Work to complete: All entries below need to be written out exactly, but without their pictures.

Records from a data source:
^^^^
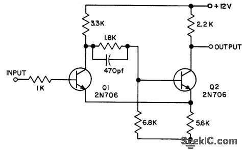 Q1 conducts when input exceeds 6.8 v. Q2 always conducts if input is below 5.2 v. Ambient temperature range is 0 to 71℃. Output at collector has 2 v minimum level change.- Transistor Manual, Seventh Edition, Geneml Electric Co., 1964, p 200.
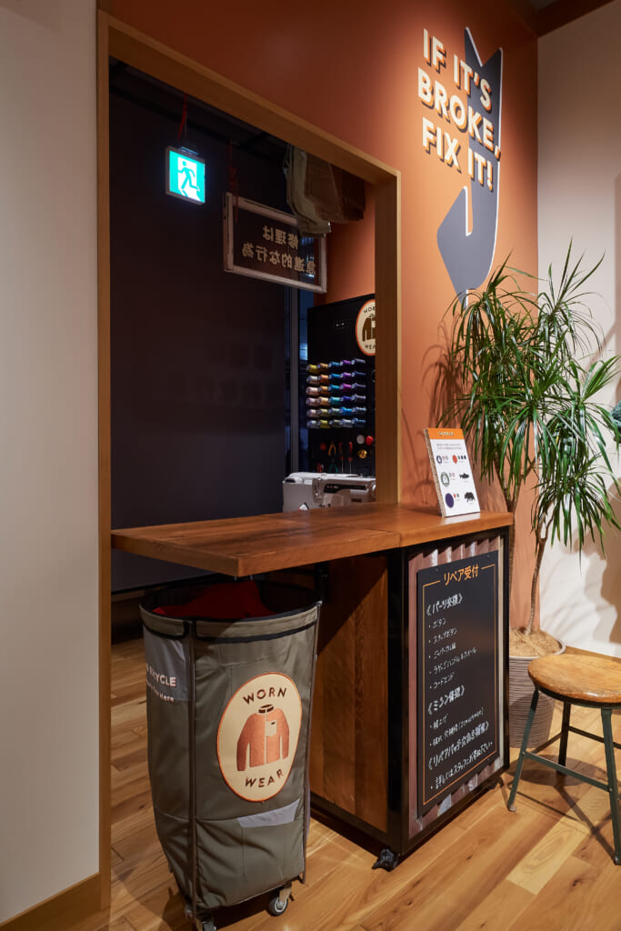リペアブースの常設には、せっかく買ったパタゴニアの製品をできるだけ長く使用してもらいたいという想いが込められています。
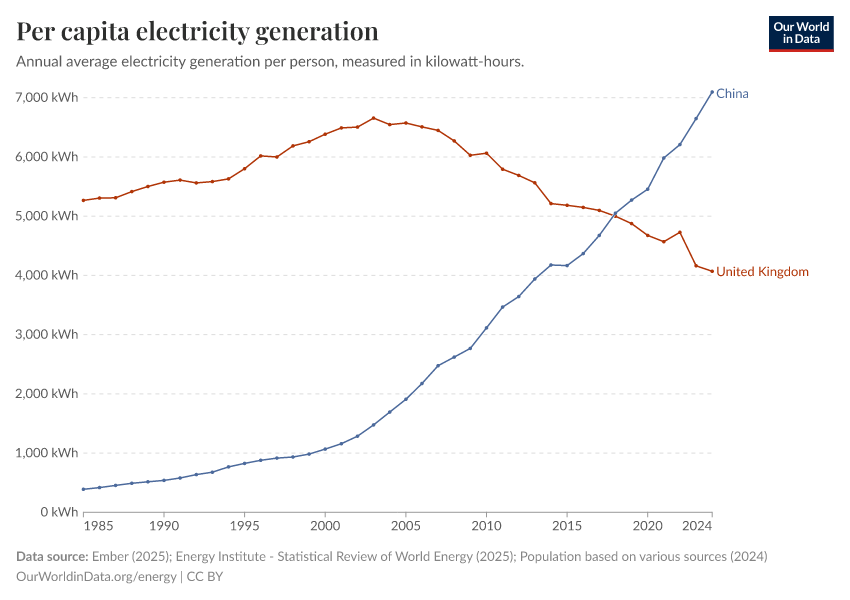 Ember (2025); Energy Institute - Statistical Review of World Energy (2025); Population based on various sources (2024) – with major processing by Our World in Data. “Total electricity generation per person” [dataset]. Ember, “Yearly Electricity Data Europe”; Ember, “Yearly Electricity Data”; Energy Institute, “Statistical Review of World Energy”; Various sources, “Population” [original data]. Retrieved December 7, 2025 from https://archive.ourworldindata.org/20250925-233948/grapher/per-capita-electricity-generation.html (archived on September 25, 2025).
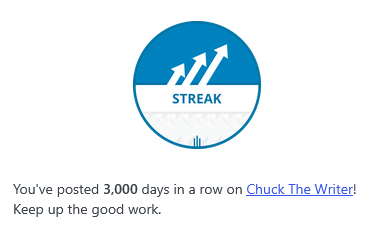 No, seriously. They told me I had blogged for 3,000 straight days.
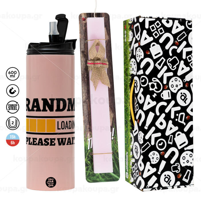 Grandma Loading, Πασχαλινή Λαμπάδα με ΡΟΖ Travel Tumbler θερμό (600ml, BPA free) & κερί αρωματικό πλακέ (30cm) (ΡΟΖ)
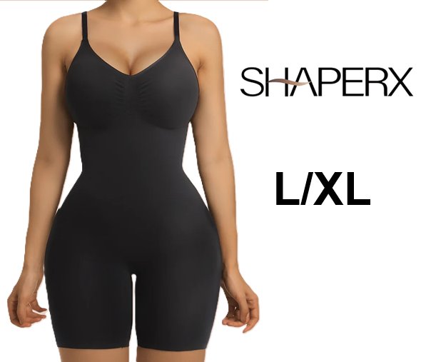 WOMENS SHAPERX Mid-Thigh Tummy Control Bodysuit with Removable Pads - LARGE/EXTRA LARGE - BLACK (STYLE: 5468)
^^^^
Exercise answer:
 Q1 conducts when input exceeds 6.8 v. Q2 always conducts if input is below 5.2 v. Ambient temperature range is 0 to 71℃. Output at collector has 2 v minimum level change.- Transistor Manual, Seventh Edition, Geneml Electric Co., 1964, p 200.
リペアブースの常設には、せっかく買ったパタゴニアの製品をできるだけ長く使用してもらいたいという想いが込められています。
 Ember (2025); Energy Institute - Statistical Review of World Energy (2025); Population based on various sources (2024) – with major processing by Our World in Data. “Total electricity generation per person” [dataset]. Ember, “Yearly Electricity Data Europe”; Ember, “Yearly Electricity Data”; Energy Institute, “Statistical Review of World Energy”; Various sources, “Population” [original data]. Retrieved December 7, 2025 from https://archive.ourworldindata.org/20250925-233948/grapher/per-capita-electricity-generation.html (archived on September 25, 2025).
 No, seriously. They told me I had blogged for 3,000 straight days.
 Grandma Loading, Πασχαλινή Λαμπάδα με ΡΟΖ Travel Tumbler θερμό (600ml, BPA free) & κερί αρωματικό πλακέ (30cm) (ΡΟΖ)
 WOMENS SHAPERX Mid-Thigh Tummy Control Bodysuit with Removable Pads - LARGE/EXTRA LARGE - BLACK (STYLE: 5468)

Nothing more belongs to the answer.